Jueves

[Como sucede algunas veces con los poco diestros y los descuidados, perdí lo que había escrito para subir al blog en un sorpresivo reinicio de mi computadora. Como un hurto, fui a comer y al volver, esta PC de la edad del celular sin internet anunciaba -arriesgo que hasta con cierto orgullo- haber realizado ella sola un reinicio para instalar componentes «de extrema importancia para la seguridad de este equipo». Tan oronda que hasta habla de sí misma en tercera persona, pensé. Y refunfuñando intenté restaurar todos los cachés, buscar copias de seguridad, pero todo fue en vano. El fantasma de lo que se perdió, como la memoria de un hijo muerto, azolará este post.]

 

1.

Corrió el rumor que ayer estaría en la radio. Lo difundí yo. Y el rumor ahora es que me hice adicto, que mis necedades y mi falta de habilidad está compensada por el entusiasmo –el entusiasmo, quizá, tiene su origen en alguna compensación.

Corre el rumor que volveré a estar en la radio.

 

2.

Veo beisbol por las noches. Lo veo en mi computadora: compré el paquete que ofrece el stream y el archivo de los más de dos mil juegos que una temporada pone a disposición de sus espectadores. Mi concentración, sobra decirlo, sufre. Diligentemente, como si ahí se me lo hubieran encargado en la oficina, veo el juego de mi equipo favorito –los Piratas de Pittsburgh.

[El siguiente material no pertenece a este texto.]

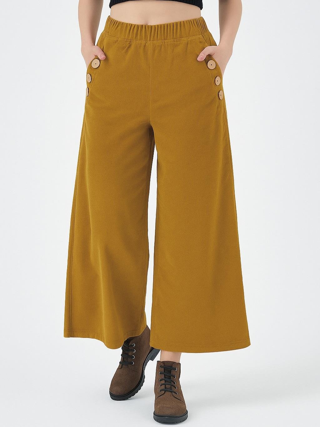 İtalyan Kadife Düğme Detaylı Pantolon - HARDAL
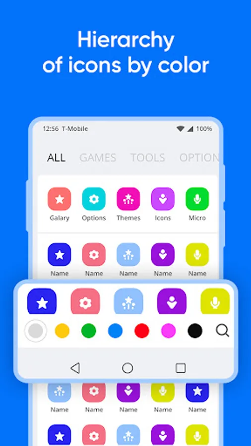 We offer Loor Launcher which will give your smartphone a fresh clean design and keep the performance high. Loor Launcher with an intuitively simple, but at the same time dynamic functional interface, will fit any smartphone size. You don't have to use your second hand to perform the action. The interface is designed for easy one-finger operation.

Los Piratas de Pittsburgh son un equipo famoso por ser pésimo. O dicho con más precisión: la fama de mi equipo favorito está en que ha tenido 19 temporadas con más juegos perdidos que ganados. Seguidos, 19 años sin interrupción han perdido más juegos, han estado debajo del .500. Para decirlo con más precisión, cada temporada tiene 162 juegos, y durante 19 años han perdido, diligentemente, más juegos de los que logran ganar. Ese es mi equipo favorito. Empezó siendo mi equipo favorito cuando ganaban juegos, cuando eran competitivos, -qué necesidad esta de afanarse a un equipo del que uno recibía noticias esporádicas y de vez en cuando cachaba algún partido en la prodigiosa «antena parabólica» de mi casa. La última temporada ganadora de los Piratas coincidió, creo, con mi primera novia allá en los años crueles del inicio de la secundaria.

Hasta ahora. Están, este año, coqueteando con romper la inercia. «Arrancar el espejo retrovisor», dijo el manager, un hombre de nariz chilerrellenuda y mofletes hinchados de chicle. A falta de poco menos de 50 juegos, llevan +11 (+12, si logran ganarle a los Dodgers hoy). Todo esto da lo mismo. O más bien, me importa a mí. Y a los aficionados. Y ni siquiera es el punto de esto.

El punto de esta «Mediocridad iridiscente» era la viscosa materia de la que se componen nuestra compasión. Una compasión sencilla, banal pues. Ni siquiera estoy seguro que califique como compasión.